Before Barr’s return growl could find words, Berry exchanged a glance with Dag and shouldered forward. “It’s boatmen’s bedtime, patroller, and you’re making a tedious ruckus in our bunkroom. If you want, you could have some mighty tasty leftovers and a dry bed in front of the hearth. If you two’d druther keep arguin’ instead, take it outside to the riverbank where you can keep it up to your heart’s content or dawn, whichever comes first. Your choice, but make it now.” A rattle of sleet against the windows lent a sinister weight to her cool remark.
After a long, long moment, Barr swallowed down whatever he’d been going to snap back at Remo and nodded to the boat boss. He said stiffly, “I’d be grateful for a bed, yes, ma’am. And food.” He shot Remo a surly look that made it clear he was giving up only temporarily.
The occupants of the Fetch’s kitchen-bunkroom shuffled back into almost-normal preparations for sleep. Barr did look after his weapons, with a sidelong glance at Dag. Whit and Hod helped lay out the rest of his things to dry; Hawthorn and Berry settled the guest-furs in front of the fire; and Fawn reheated the fish, potatoes, and onions. Barr wolfed down the meal as though starved, and gaped in wonder at the tankard of beer Bo shoved in front of him. He found the bottom of it quickly. Awkwardly, everyone dodged around one another in the shared sleeping space that had suddenly become a little too shared, but all found their beds at last.

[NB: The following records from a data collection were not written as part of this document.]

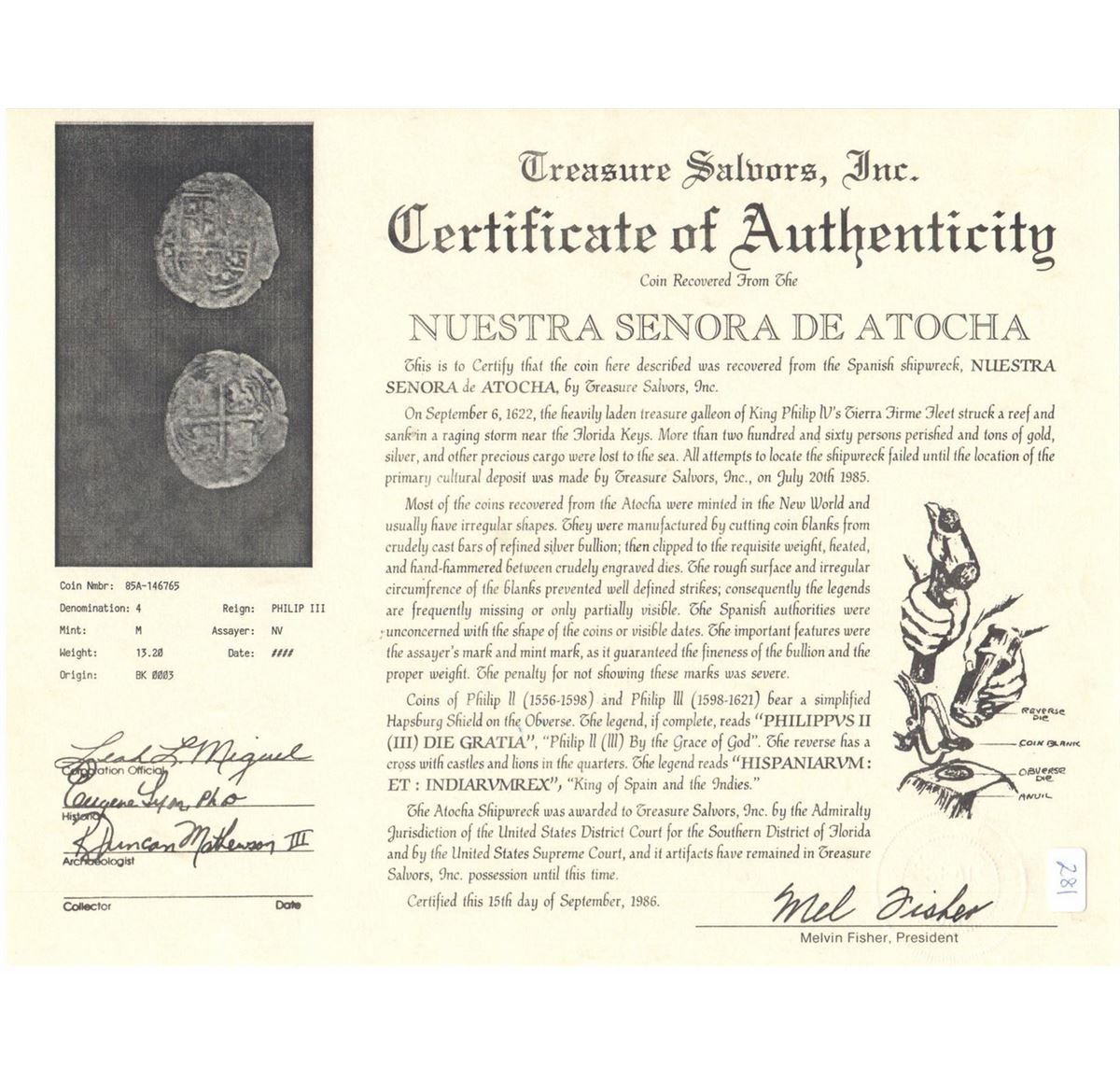 Mexico City, Mexico, cob 4 reales, Philip II, assayer F, Grade-1 quality but no Grade on certificate. S-M12; KM-36. 13.26 grams. Good full shield and cross despite weak spots, minimal surface corrosion only. With Fisher certificate #146765. Recovered from: Atocha, sunk in 1622 west of Key West, Florida
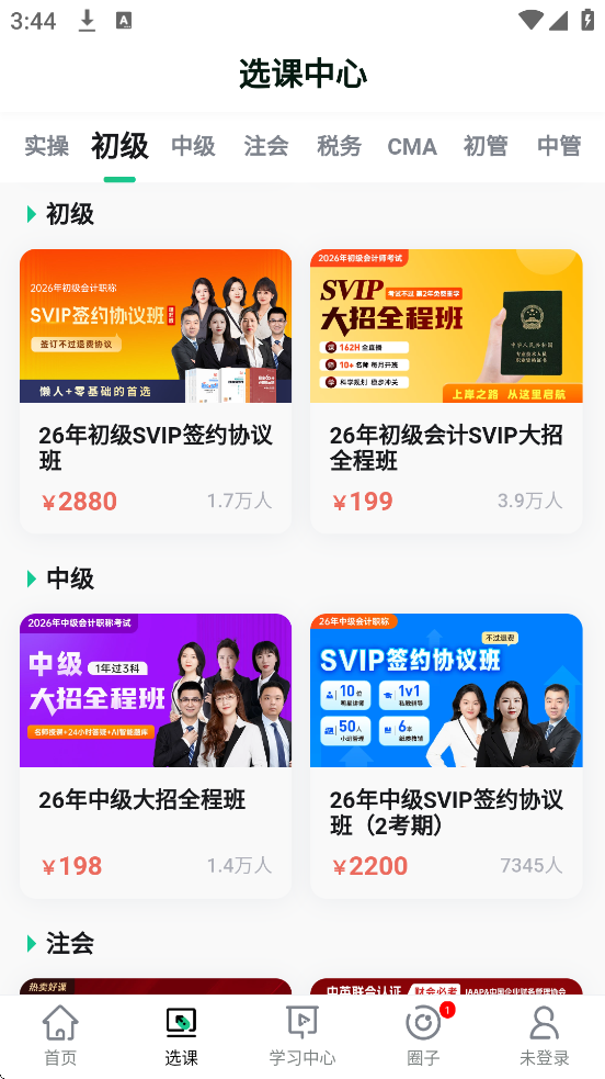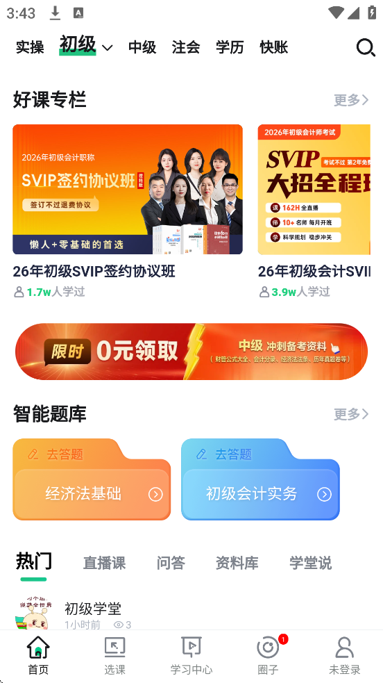 3、免费资源:初级/中级会计等考证课程及实操直播课均免费开放。
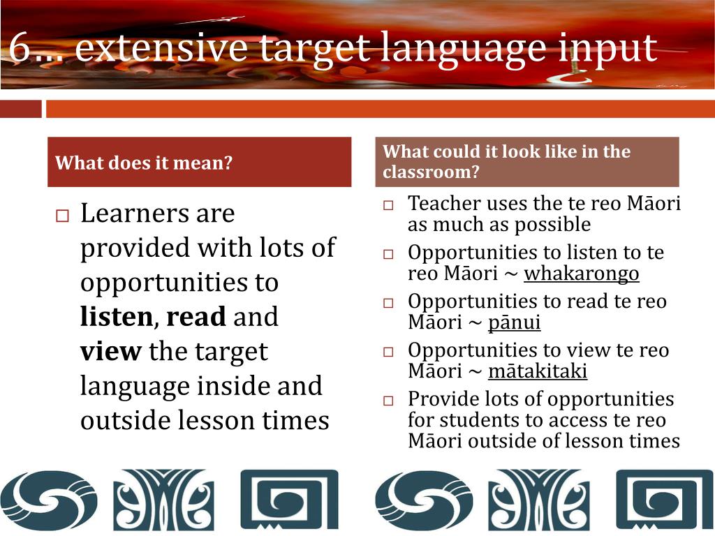 6… extensive target language input What does it mean? What could it look like in the classroom? • Learners are provided with lots of opportunities to listen, read and view the target language inside and outside lesson times • Teacher uses the te reo Māori as much as possible • Opportunities to listen to te reo Māori ~ whakarongo • Opportunities to read te reo Māori ~ pānui • Opportunities to view te reo Māori ~ mātakitaki • Provide lots of opportunities for students to access te reo Māori outside of lesson times
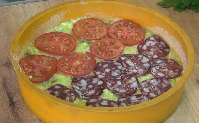 Здравствуйте! Меня зовут Елена Баженова. Рада вас приветствовать у себя в гостях! Сегодня мой рецепт - для любителей кабачков. Предлагаю приготовить интересное, простое и вкусное блюдо из доступных продуктов. Кабачковая пицца - это запеканка, нежная и вкусная. Пиццу она напоминает только внешне. Для рецепта берём: 600 г кабачков, 1 помидор, 1/2 ч.ложки соли, 1 ст.ложка манки, 2 ст.ложки муки, 20 г сливочного масла, 1 ч.ложка разрыхлителя, 3 яйца, 100 г сыра, 1 пучок петрушки, Можно добавить колбасу. .
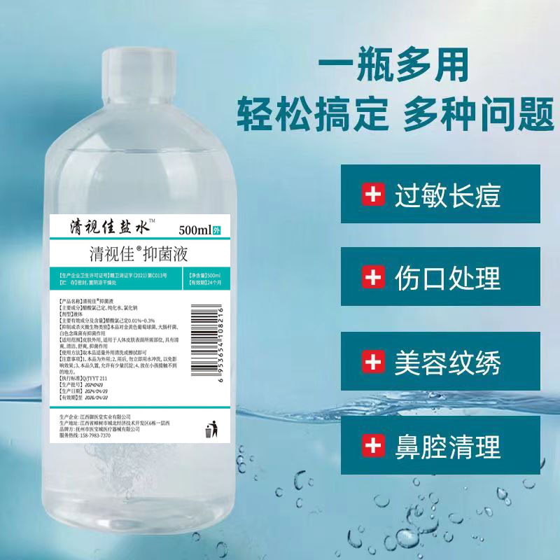 メーカーは清視佳塩水静菌液を供給して生理性塩水を洗浄します。
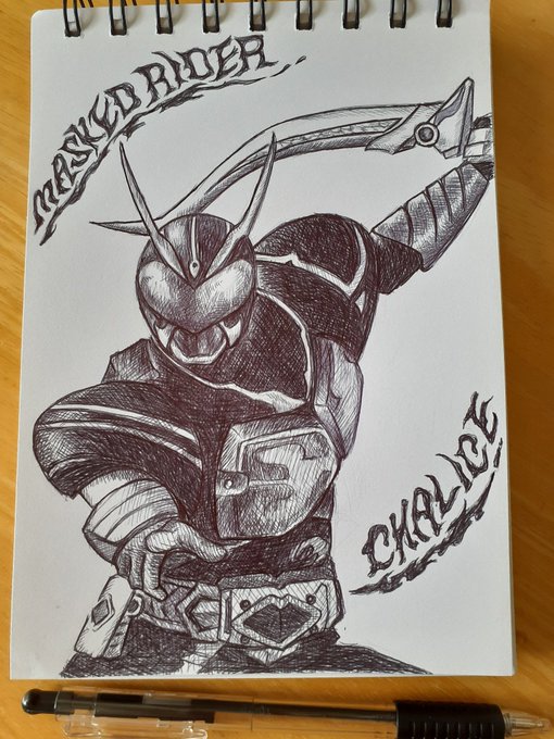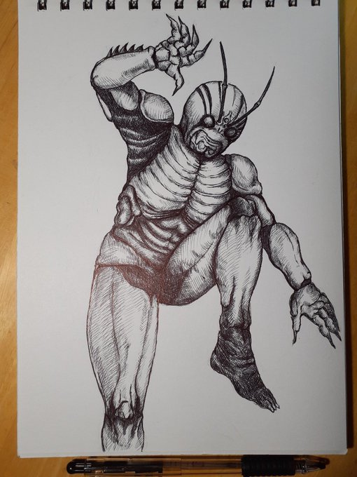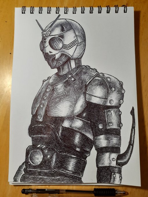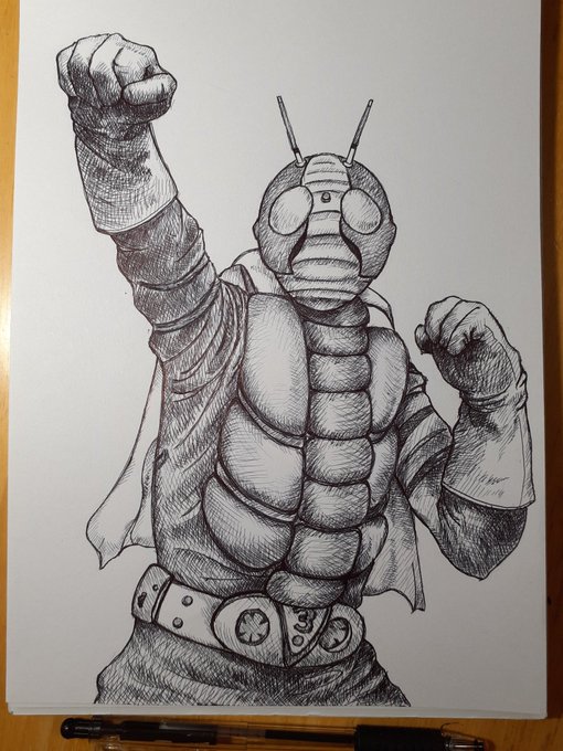 #らくがき #ボールペン #模写 #仮面ライダークウガ #仮面ライダー生誕50周年 ボールペンの絵は出来上がり 今晩、ibisでカラー化します 私、これ描いて一番好きなクウガを一番描くの苦手な事が判明しました (;つД`)
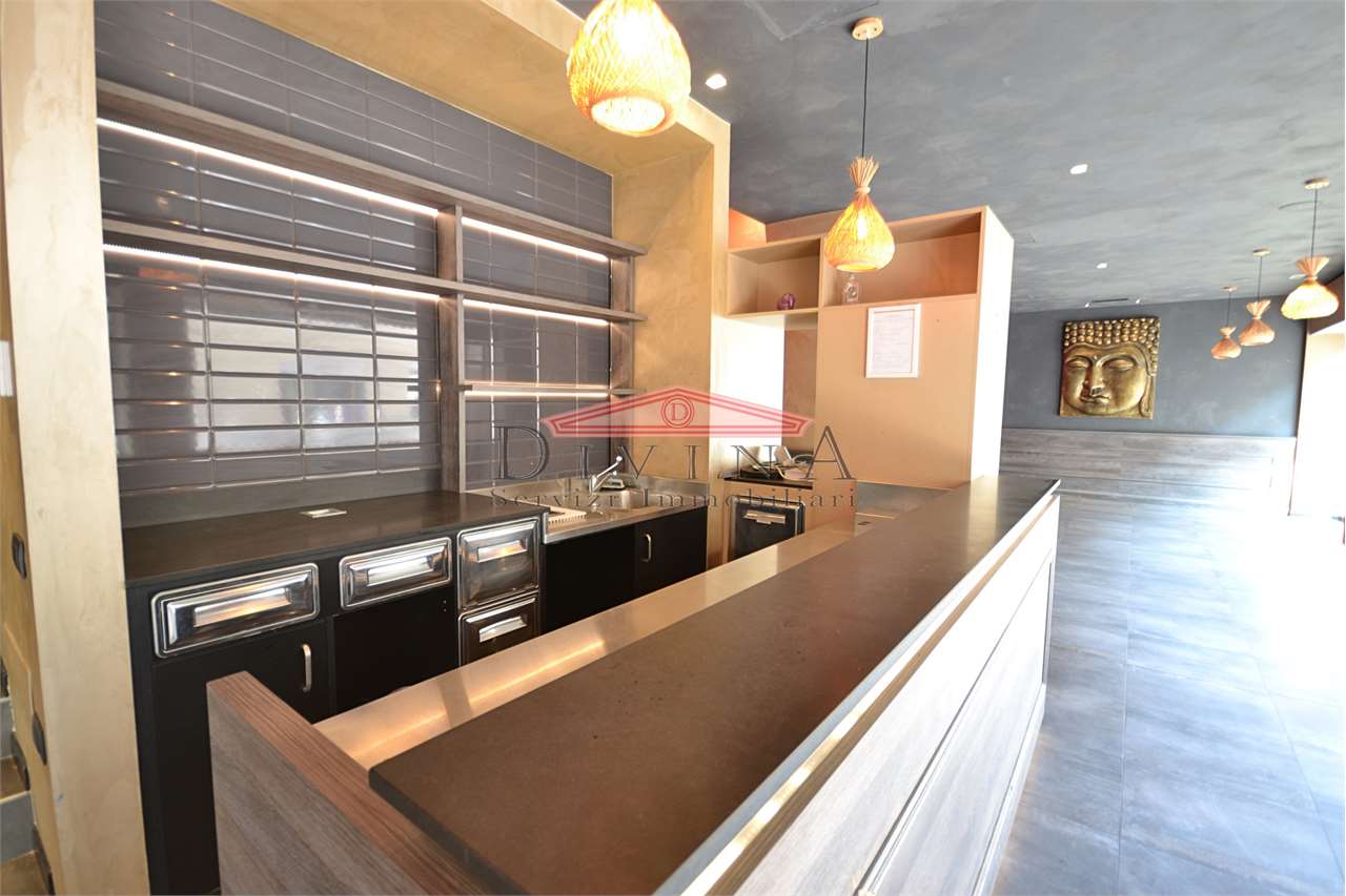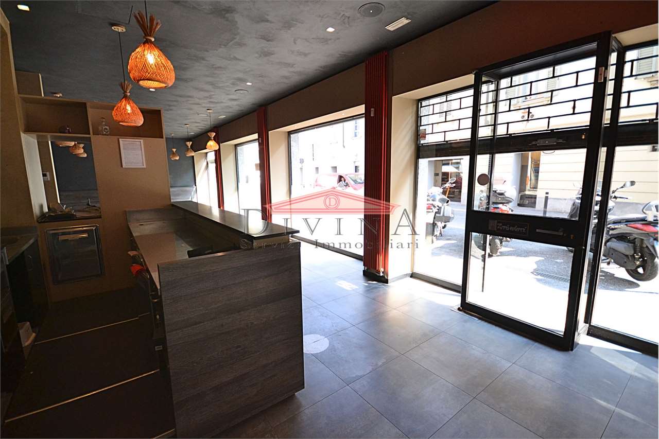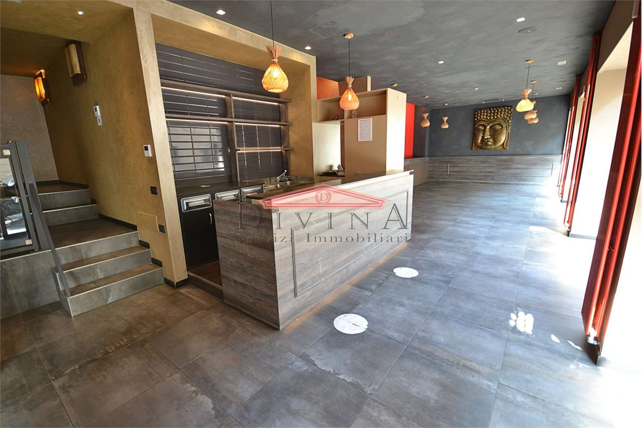Monza quartiere San Biagio Nelle immediate vicinanze del centro storico, proponiamo ampio locale commerciale con cinque vetrine su strada ad intenso passaggio pedonale e veicolare. L'immobile è disposto su due livelli collegati da scala interna: piano terra mq 140 luminosissimo open space con vetrine, ampia cucina dotata di canna fumaria con accesso al piano interrato e un comodo mezzanino provvisto di bagni; piano interrato mq 38 capiente area deposito e bagno, con uscita di sicurezza all'area esterna. Completano la proprietà un'area esterna autorizzata per l'occupazione di suolo pubblico, una cantina e un posto auto scoperto all'interno del cortile condominiale. Immobile precedentemente utilizzato come ristorante che si adatta a svariate attività commerciali con una straordinaria visibilità. CLASSE ENERGETICA: D 544,47 kWh/m3 a
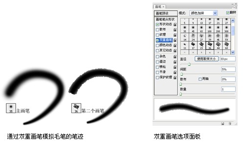 使兩個畫筆疊加混合在一起繪制線條。在畫筆調板的“畫筆筆尖形狀”面板中設置主畫筆,在“雙重畫筆”面板中選擇并設置第二個畫筆,第二個畫筆被應用在主畫筆中,繪制時使用兩個畫筆的交叉區域,如圖所示。“雙重畫筆”選項面板如圖所示。
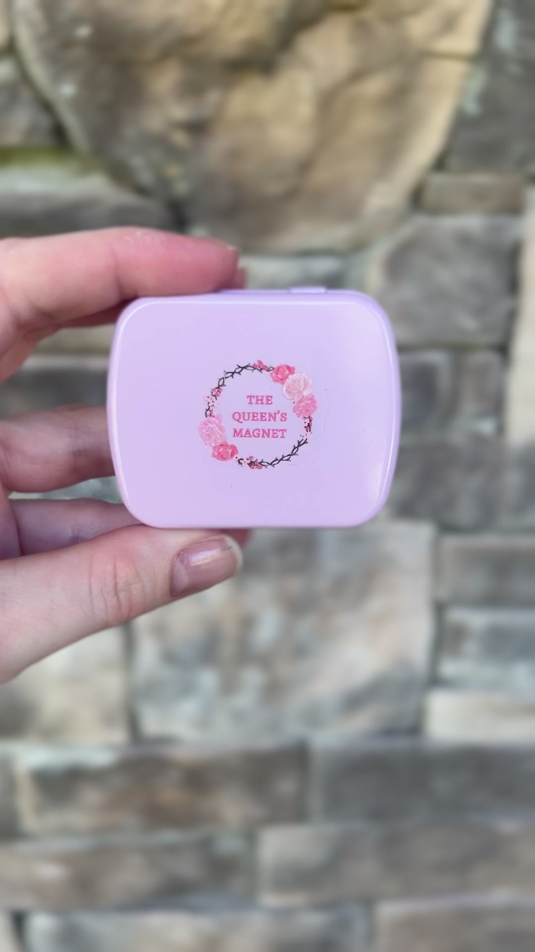 When you're not sporting your Queen's Magnets on a sash or as a brooch, keep your treasures secure in the Official TQM Magnetic Storage Box! This case seals shuts and opens on a hinge.
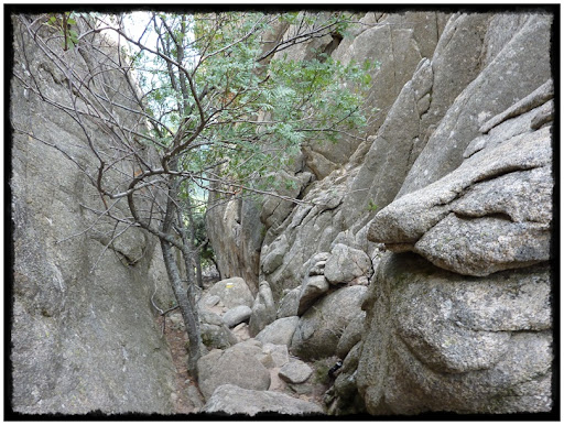 Sigo mi camino pasando por un estrechamiento debajo de una roca y aparece la
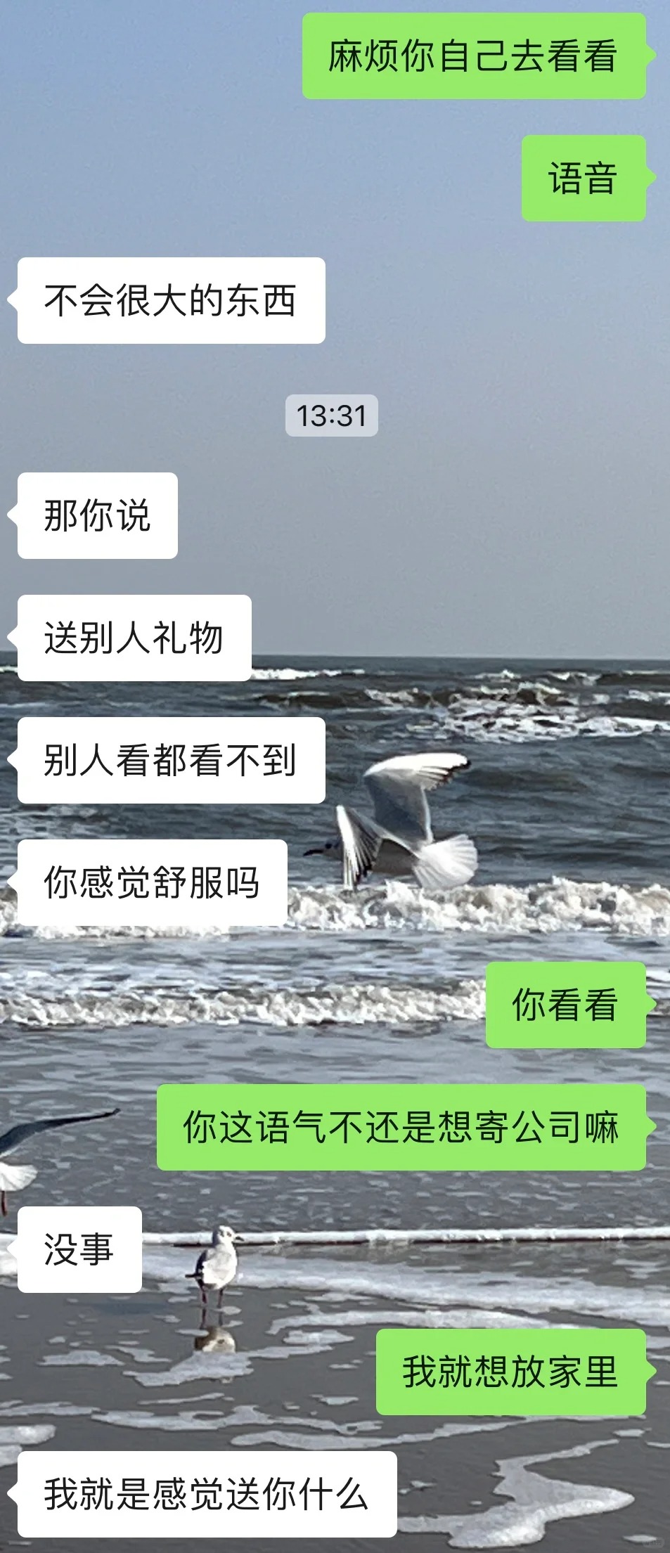我跟我男朋友谁的错 不想多说了一个礼物磨磨唧唧自己想寄公司让我天天看着就直说

As the lantern light dimmed to the faintest red glow through the curtains of their nook, Fawn interlaced herself with Dag for warmth and whispered, “You didn’t happen to wish for Barr on those birthday candles, did you?”
Dag choked down a laugh. “No, Spark.” He grew quiet for a moment. “Not exactly, leastways.”
“Just so’s you know that last surprise was not my doing.”
“It seems to have been Amma Osprey’s. Wish I could have been listening at the window for that talk. I’ll bet it was blistering. Sounds like it was past time she put the fire to that boy’s feet, though.”